WHAT IS NEEDED – Only the lines from the first line of the entries through the line with "Sáng nay, ngày" belong in the answer, each restated word for word and without pictures.

[[ RECORDS FOR THE TASK, beginning ]]

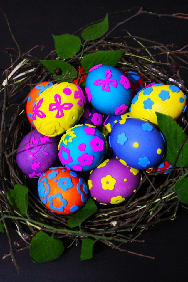 Обои Красивые разноцветные яйца в гнезде на праздник Пасха
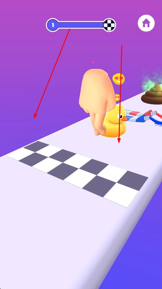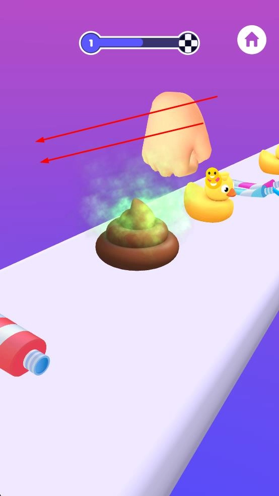 2、避开绿色便便等障碍元素,留意黄色小鸭分布,优化移动路径提升关卡进度。
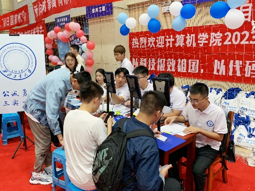 为了做好这次迎新,学院提前谋划部署了迎新准备工作。学院团委老师靳宇琪、学生干部及志愿者提前对场馆内外的学院点位进行了精心布置,围绕“计算报国,一码当先”的迎新主题,在迎新区域张贴了妙趣横生的迎新横幅,布置了精美的主题展板,营造出一派温馨热烈的迎新氛围。在场馆内外还布置了展示学院特色的趣味合影框,并提供手持标语卡供新生们打卡拍照留念,同时在场内报到点位摆放校徽图案的指印印章图,供每位新生在完成报到手续后按压手印……一系列精心的布置与活动为前来报到的新生及家长们带来了充满仪式感的报到体验及强烈的归属感。
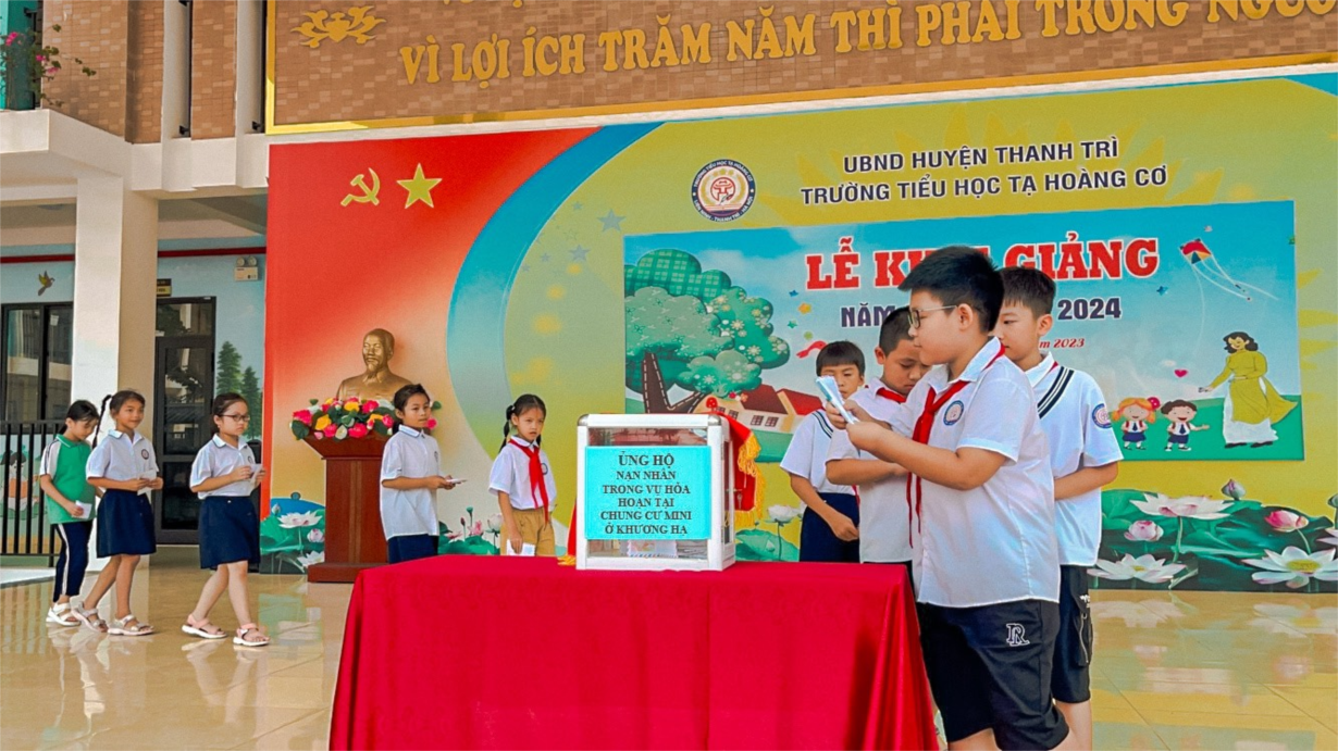 Sáng nay, ngày 20/9/2023, nhà trường đã kêu gọi toàn thể các đồng chí cán bộ - giáo viên - nhân viên và các em học sinh cùng chung tay giúp đỡ, chia sẻ khó khăn với gia đình các nạn nhân trong vụ cháy tại chung cư mini ở Khương Hạ. Hoạt động này đã nhận được sự quan tâm ủng hộ của tập thể cán bộ, giáo viên, nhân viên nhà trường và của đông đảo các em học sinh và phụ huynh.
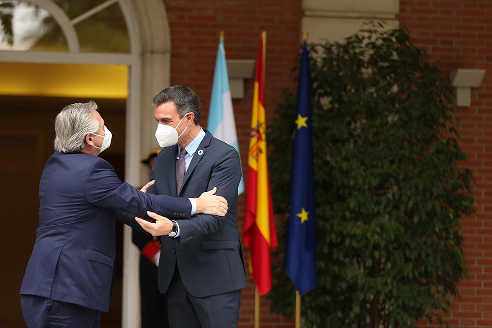 «Argentina y España defendemos la liberación de las vacunas, que sean consideradas un bien público y global», señaló el gobernante europeo desde las afueras de la Casa Rosada, sede del Gobierno argentino, durante una rueda de prensa.
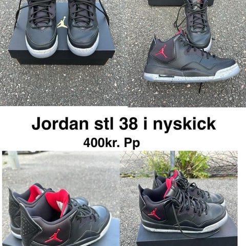 Svarta Nike sneakers i stl 38 för pojke. Låga skor med snörning och vit sula. Enna sko har jag bara använt denna sko en gång en gång och dessa sko har jag köpt från Jd sports
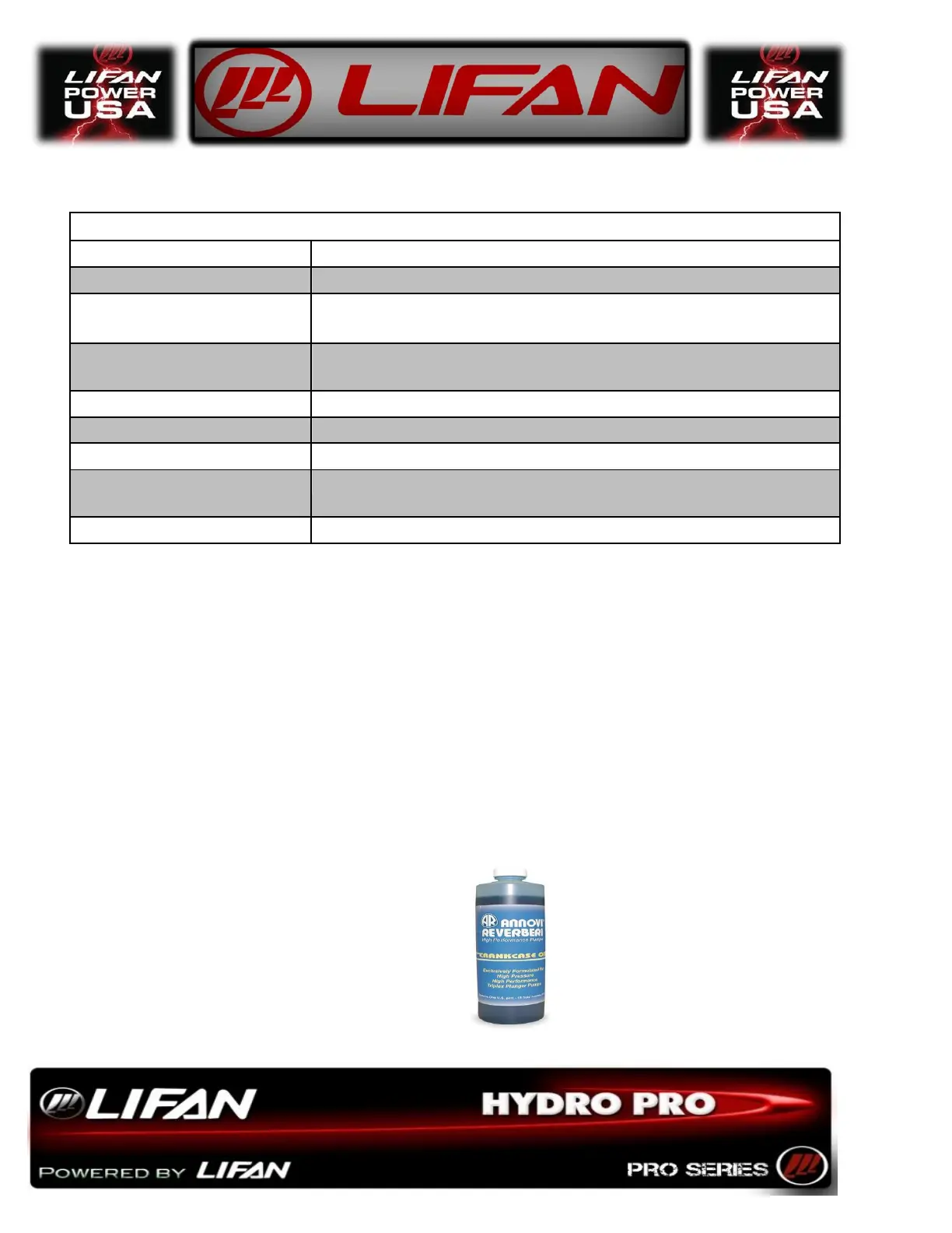 Available from Lifan Power USA
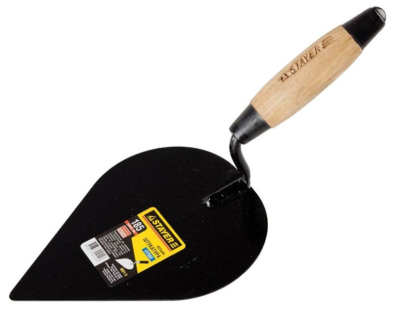 Инструмент сердцевидной формы показан для перемешивания, укладки, выравнивания раствора, кладки кирпича. Полотно выполнено из стали, имеет длину 185 миллиметров. Рукоятка изготовлена из дерева.
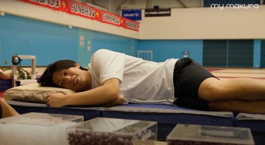 自社開発し特許を取得した「マイまくら全身測定機」により、サントリーサンバーズ全選手の身体に合う枕・マットレスを精密に分析。
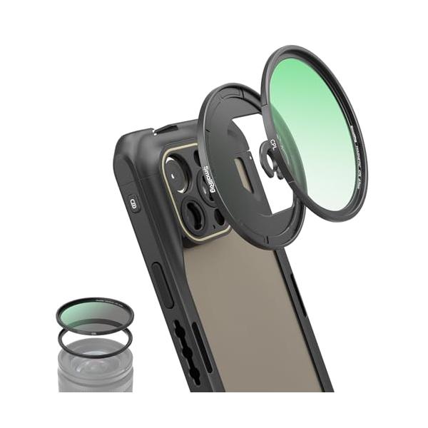 ・スマホケージの互換性Mマウントフィルターアダプターが付属しており、iPhone 15シリーズ用のSmallRigスマホケージ4407/4473/4391/4392/4393/4396/4397/4398と互換性があります。他のブランドのMマウントスマホケージには適合しませんのでご注意ください
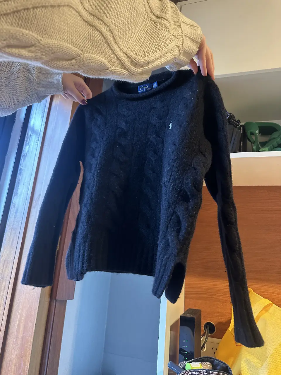Sweater de lana negro de la marca Polo Ralph Lauren, con diseño de trenzas y el logo del caballo bordado. Ideal para un look casual y abrigado.
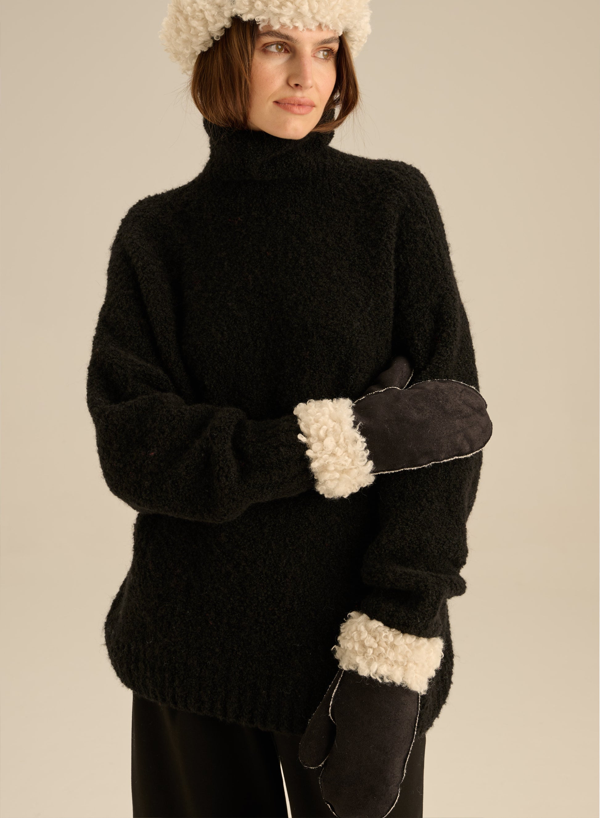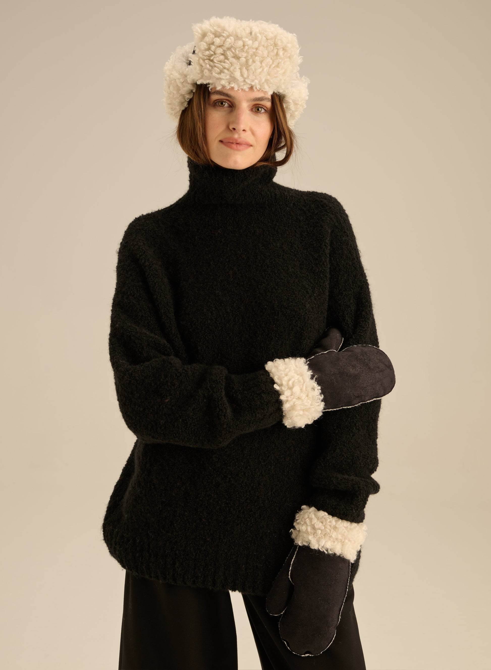 Широкі рукавиці з теплої тканини, що імітує овчину.

[[ RECORDS FOR THE TASK, end ]]

ANSWER TO THE EXERCISE –
 Обои Красивые разноцветные яйца в гнезде на праздник Пасха
 2、避开绿色便便等障碍元素,留意黄色小鸭分布,优化移动路径提升关卡进度。
 为了做好这次迎新,学院提前谋划部署了迎新准备工作。学院团委老师靳宇琪、学生干部及志愿者提前对场馆内外的学院点位进行了精心布置,围绕“计算报国,一码当先”的迎新主题,在迎新区域张贴了妙趣横生的迎新横幅,布置了精美的主题展板,营造出一派温馨热烈的迎新氛围。在场馆内外还布置了展示学院特色的趣味合影框,并提供手持标语卡供新生们打卡拍照留念,同时在场内报到点位摆放校徽图案的指印印章图,供每位新生在完成报到手续后按压手印……一系列精心的布置与活动为前来报到的新生及家长们带来了充满仪式感的报到体验及强烈的归属感。
 Sáng nay, ngày 20/9/2023, nhà trường đã kêu gọi toàn thể các đồng chí cán bộ - giáo viên - nhân viên và các em học sinh cùng chung tay giúp đỡ, chia sẻ khó khăn với gia đình các nạn nhân trong vụ cháy tại chung cư mini ở Khương Hạ. Hoạt động này đã nhận được sự quan tâm ủng hộ của tập thể cán bộ, giáo viên, nhân viên nhà trường và của đông đảo các em học sinh và phụ huynh.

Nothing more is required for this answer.